Das Selbstwertgefühl wird überschätzt
Heutzutage wird auch viel über fehlendes Selbstwertgefühl als Ursache von Problemen gesprochen. Sie sagen, das wird überschätzt?
Das Selbstwertgefühl ist nicht so wichtig, wie man dachte. Die Leute sorgen sich mehr darüber, was andere über sie denken, als was sie selbst über sich denken. Das geht auch auf die Evolution zurück: Beim Überleben und Fortpflanzen kommt es darauf an, was andere von einem denken, nicht was man selbst denkt.
Trotzdem hat ein höheres Selbstwertgefühl doch Vorteile.

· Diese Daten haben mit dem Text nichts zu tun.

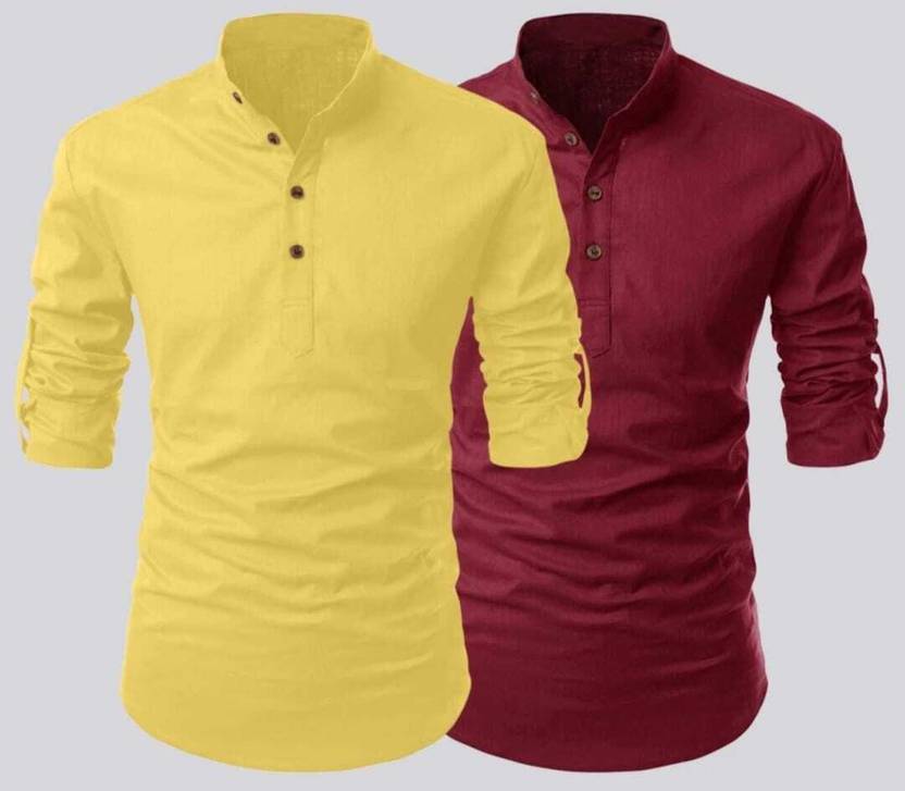 The design is modern yet timeless, with a clean-cut silhouette that flatters all body types. A subtle, well-placed pocket adds a practical touch without compromising the sleek aesthetic. The kurta's minimalistic design allows it to be paired seamlessly with jeans, chinos, or traditional trousers, making it a versatile addition to any wardrobe. Available in a variety of colors, it caters to diverse style preferences, from bold and vibrant to subtle and muted tones. Whether you're dressing for a casual day out or a semi-formal gathering, this cotton blend short kurta promises to be a reliable and stylish choice.

Das stimmt. Wer mit niedrigem Selbstgefühl an etwas scheitert, meint, das nicht zu können, und fühlt sich hoffnungslos. Wer mit höherem Selbstwertgefühl scheitert, sagt: „Ich kann das schon, ich muss es wieder und besser machen.“ Allerdings haben wir auch gezeigt: Wer ein hohes Selbstwertgefühl hat, der denkt sehr positiv über sich. Diejenigen, die wir als jene mit niedrigem Selbstwertgefühl bezeichnen, denken aber nicht, dass sie schlechte Menschen sind. Es ist eher die Abwesenheit des Positiven. Was wir niedriges Selbstwertgefühl nennen, ist meist in der Mitte.